British Consul-General in Egypt
- In office 1785–1796

Personal details
- Born: May 1744 Borough, London
- Died: 19 February 1826 (aged 81) Earl's Court, London
- Spouse: Jane Maltass

= George Baldwin (diplomat) =

British merchant (1744-1826)

George Baldwin was a British merchant, writer and diplomat of the late eighteenth and early nineteenth centuries whose career was principally based in Egypt, where he established valuable trade links for the East India Company and negotiated directly with the Ottoman governors. Despite repeated warnings of the importance of Egypt to links with British India, his advice was ignored and thus when Napoleon Bonaparte invaded Egypt in 1798 the British were ill-placed to respond directly. In 1801 he assisted the British counter-invasion of Egypt and later returned to Britain with his wife Jane Maltass, a famous society beauty. Although a highly successful merchant and diplomat, Baldwin found himself a subject of ridicule on his return to Britain for his belief in the healing power of magnets, then widely considered a pseudoscience. He retired to Earl's Court in London and died there in 1826.

==Early life==
George Baldwin was born in May 1744 (although some sources give 1743), the son of hop merchant William Baldwin of Borough, London. Aged 16 he was sent to join his brother in Cyprus, where he was consul-general and three years later was sent to Acre.

==Career==
During his trading operations in the Eastern Mediterranean, Baldwin became increasingly aware of the political and commercial structures of the Middle East, and in 1768, he traveled to Britain to seek permission to investigate the possibilities of trade running from British India across Egypt via the Red Sea. Although this route was nominally blocked off to non-Muslims, developing trade would be possible if it brought profit to the rulers of Egypt. On his brother's death, Baldwin returned to the Mediterranean and took up his post on Cyprus. In 1773, Mehmed Bey summoned him to Cairo and encouraged British shipping to use Suez, declaring that he would cut a canal from Suez to the Nile for ships to pass directly from the Red Sea to the Mediterranean.
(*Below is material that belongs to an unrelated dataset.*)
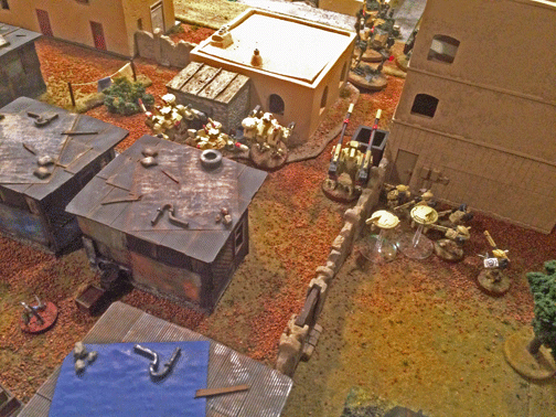 A long time ago,on the desert world of Morkai, I ran a Rogue Trader game pitting my hero, Adeon Drake, against his arch-nemesis, Count Feracci (Ambush on Morkai), I put down a bunch of MBA buildings on a desert-colored terrain mat, and I included some of MBA’s wonderful Shanty Town buildings (perfect for the slums outside a hive city).

He was also well received in Constantinople.

===East India Company===
In 1774, Baldwin returned to Cairo and then back to England, where he learned that the East India Company had successfully begun a trade route between India and Suez. Offering his services to the Company, Baldwin was accepted and returned again to Egypt, where he was the only British merchant. With his knowledge of Arabic he was able to monopolise British trade caravans passing from Suez to the Nile, and ensured a fast, safe and efficient service. At some point between 1776 and 1778 he was reported to have climbed the Great Pyramid at Giza and drunk a mixture of waters from the Nile, Ganges and Thames, symbolically linking the trade routes he managed. By 1779, his trade was so successful that it began to impinge on that of the Ottoman Sultan and of the Cape of Good Hope, prompting protests and restrictions on his activities. In May, one of his caravans was attacked and looted, with some merchants taken hostage. Baldwin exchanged himself for the merchants and later escaped, reaching Smyrna.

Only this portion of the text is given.